Heiko Carstens Nov. 8, 2016, 11:24 a.m. UTC | #5
On Tue, Nov 08, 2016 at 10:41:12AM +0000, Russell King - ARM Linux wrote:
> On Tue, Nov 08, 2016 at 10:30:42AM +0100, Heiko Carstens wrote:

> > Two architectures (arm, mips) have wired them up and thus allocated system

> > call numbers, even though they don't have ARCH_HAS_PKEYS set. Which seems a

> > bit pointless.

> 

> I don't think it's pointless at all.  First, read the LWN article for

> the userspace side of the interface: https://lwn.net/Articles/689395/

> 

> From reading this, it seems (at least to me) that these pkey syscalls

> are going to be the application level API - which means applications

> are probably going to want to make these calls.

> 

> Sure, they'll have to go through glibc, and glibc can provide stubs,

> but the problem with that is if we do get hardware pkey support (eg,

> due to pressure to increase security) then we're going to end up

> needing both kernel changes and glibc changes to add the calls.

> 

> Since one of the design goals of pkeys is to allow them to work when

> there is no underlying hardware support, I see no reason not to wire

> them up in architecture syscall tables today, so that we have a cross-

> architecture kernel version where the pkey syscalls become available.

> glibc (and other libcs) don't then have to mess around with per-

> architecture recording of which kernel version the pkey syscalls were

> added.

> 

> Not wiring up the syscalls doesn't really gain anything: the code

> present when !ARCH_HAS_PKEYS will still be part of the kernel image,

> it just won't be callable.


That can be easily solved (see below).

> So, on balance, I've decided to wire them up on ARM, even though the

> hardware doesn't support them, to avoid unnecessary pain in userspace

> from the ARM side of things.

> 

> Obviously what other architectures do is their own business.

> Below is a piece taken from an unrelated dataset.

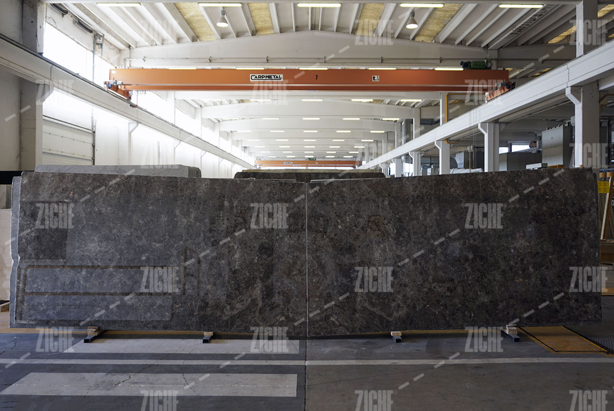 Grigio Billiemi is an Italian marble from Sicily. It is extracted from the quarries in a very limited quantity and is available in modest quantities. It is famous for its deep gray color with dark spots and sometime with little spots with the color of clay. It is a tough marble to process and it always requires to be resined. Ziche Marmi processes all the slabs of Grigio Billiemi at its factory located in Brescia (IT) where the slabs gp through a triple vacuum resining process with epoxy resins. This process has the highest quality and technology, it is the state of the art for marble processing. Grigio BIlliemi a is a marble with a hard and resistant structure, suitable for all internal uses. The most popolar finishing is the polished and it is often combined with other white or beige marbles, such as Botticino.

It would make sense if this would be handled the same across architectures.

We could simply ifdef the small pkey block in mprotect.c and rely on the
pkey cond_syscalls added with e2753293ac4b. The result would actually be
the same what Mark proposed, except with less generated code.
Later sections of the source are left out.